Last week you donated new uniforms to a sled-hockey team [in Chelyabinsk]. I know you and your friends spent a lot [on those uniforms], and that you generally help people out quite often. But I, for one, find out about that randomly.
Evgeny Kuznetsov: I don’t really want to advertise about that sort of thing. Yeah, you found out about something. But if I start talking about that without hiding anything, then some people aren’t going to like it. And at the end of the story it’s going to work out that I didn’t do this thing correctly, that I offended that person, I helped these guys, but not those.
[But] if you help out, then the government will pay attention to the problem, [as will] other hockey players and the wealthy.
Evgeny Kuznetsov: I understand, but it’s still not really ethical to talk [about this]. You understand, the situation right now is such that if you talk about something, but some people come along who get jealous or who might take advantage. I’m not arguing that I can’t help a lot of people. But I know the value of money perfectly well. I earned my money honestly, and have had to sacrifice a lot. But I’ve got a family, as does my wife. I can’t give it all away. Yes, I do this or that, but I still don’t want to talk about it.
Is it true you support an orphanage?
Evgeny Kuznetsov: It’s true, but I don’t want to comment on it any further.
People put the story about the Chelyabinsk sled-hockey players who didn’t have uniforms up on social media. Lots of hockey players have my number, but you texted me within a few minutes.
Evgeny Kuznetsov: I’ll say it again: I don’t have the means to help everyone. But there you had some people who needed a helping hand. These guys were playing with old equipment, and they love hockey. My [former] teammates also pitched in, I wasn’t alone. But what are we going to say about that?”
While Kuznetsov left Russia in 2014 to start his NHL career in Washington, he has continued to have a high profile in his hometown. Kunetsov has come to Traktor Chelyabinsk games as a fan during the offseason. Last season, Kuznetsov bought shirts and had posters created for all fans in attendance of a game. As a goodbye gift to his KHL team in 2014, Kuznetsov presented an Olympia ice resurfacer to Traktor’s hockey academy after skating with its students. The gift’s value was at least 4 million roubles (approximately $100,000).
During the interview, Kuznetsov also spoke about starting a children’s hockey school someday in his hometown.
Fine. You once said that when your career is over you’d like to return to Chelyabinsk to support hockey somehow.
Evgeny Kuznetsov: That I can talk about. I want to found a children’s hockey school there. I’ll start with the very young. I’ll open some sort of center, a place where the kids can come and develop their technical skills.
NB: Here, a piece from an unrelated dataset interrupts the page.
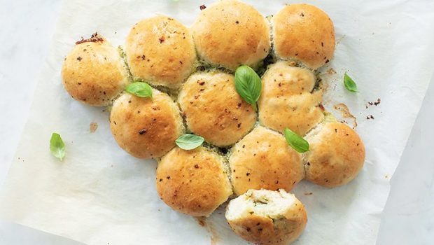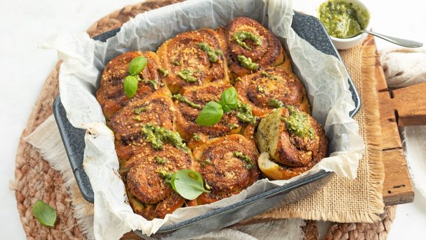 Geniet van zelfgebakken pesto broodjes, perfect voor elke gelegenheid! Met een vleugje knoflook en Parmezaanse kaas, gevuld met heerlijke pesto en afgebakken in de oven. Leuk bij de borrel, een high tea of Pasen.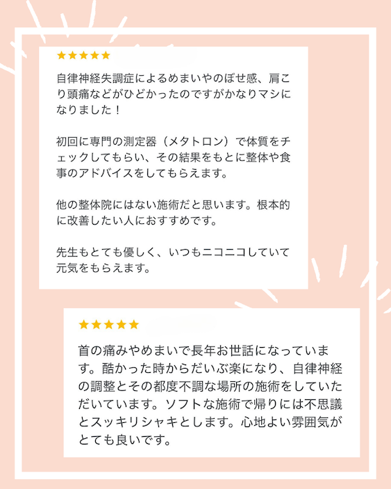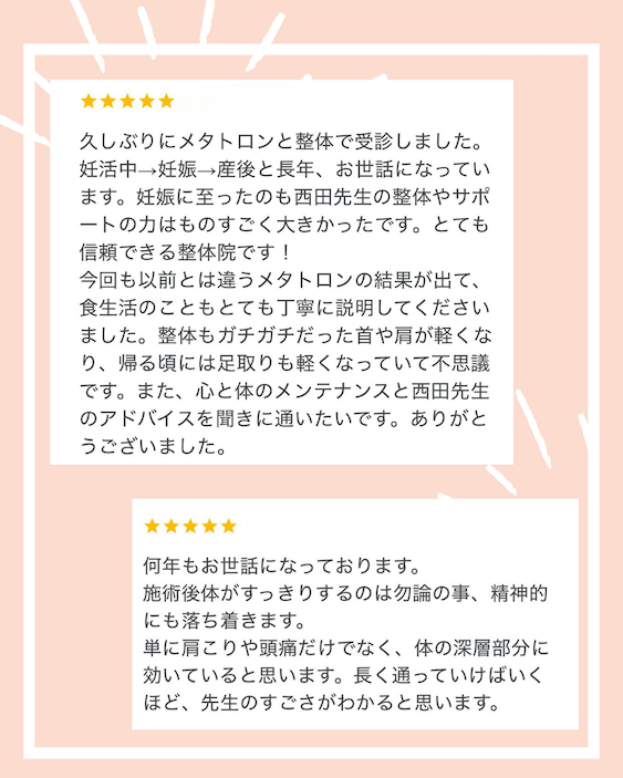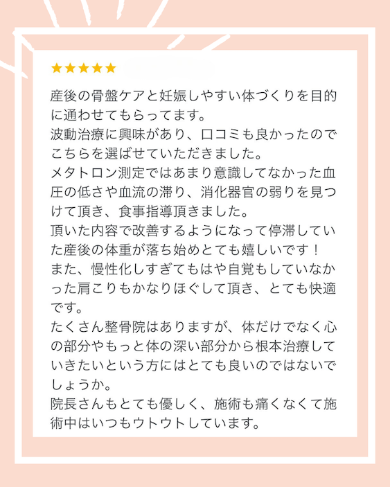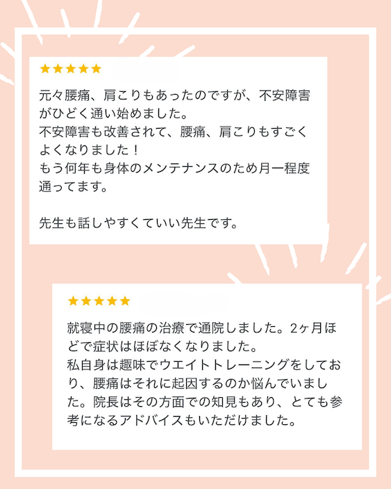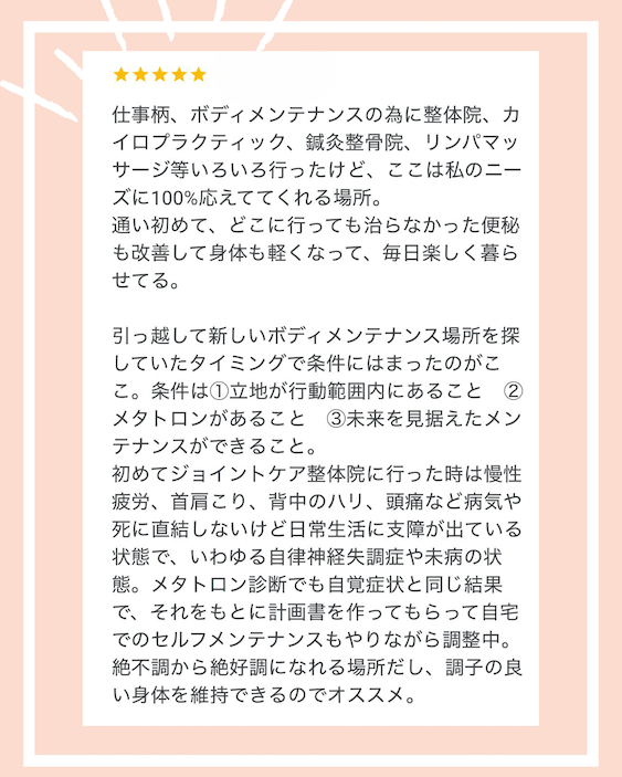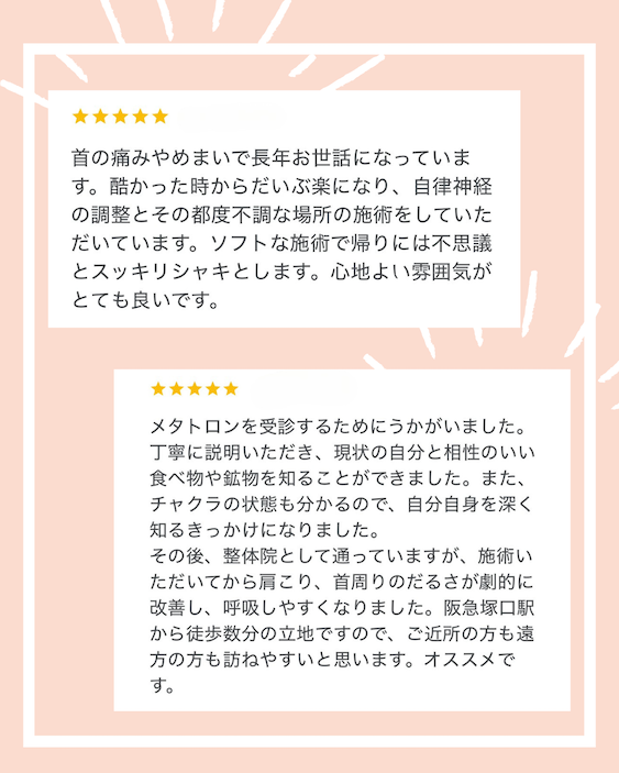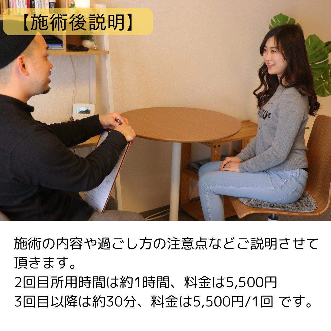整体ははじめてだったのですが、先生の丁寧なカウンセリングと説明に安心して施術を受ける事ができました。

I hope I can convince my father to work with the kids. Everything I know about hockey I got from him. My father is shy about it, but he taught me everything I know. And of course my coaches added things later on, but all the fundamentals were laid in by him.
Are you specifically going to work on stick-handling there?
Evgeny Kuznetsov: Yes. I’m going to hire some guys. But they’re not going to just be some random people who once played and have wrapped up their careers. They’re going to be guys with specialized skills, who have something they can pass along to the kids. I’m going to pay them well, so they can give themselves over to the work. And of course I’m going to give a lot of time to the kids. Show them how to do things, talk about [my experience], and work on their technical skills. We’re going to learn how to shoot the puck correctly, and other things that you need to learn from a very young age.
The regional government should invest in that as well.
Evgeny Kuznetsov: Honestly, I’m not going to ask for anyone’s help. So getting back to the center, a little later I want to expand the school into a training complex like I’ve seen in North America and Finland. Three rinks, a cafe upstairs where the parents can watch practices, so they’re not standing by the ice.
I saw something like that in Toronto
Evgeny Kuznetsov: Yes. There’s a hotel nearby, where traveling players can stay. We’re going to have a pick-up team, and we’ll pay particular attention to players with special needs. So we’ll need the government’s assistance for the construction, but I hope by that time I’ll have good friends in high places.
And you want to live in Chelyabinsk?
Evgeny Kuznetsov: Yes, I dream of having a big house on the river bank, where all my relatives can gather.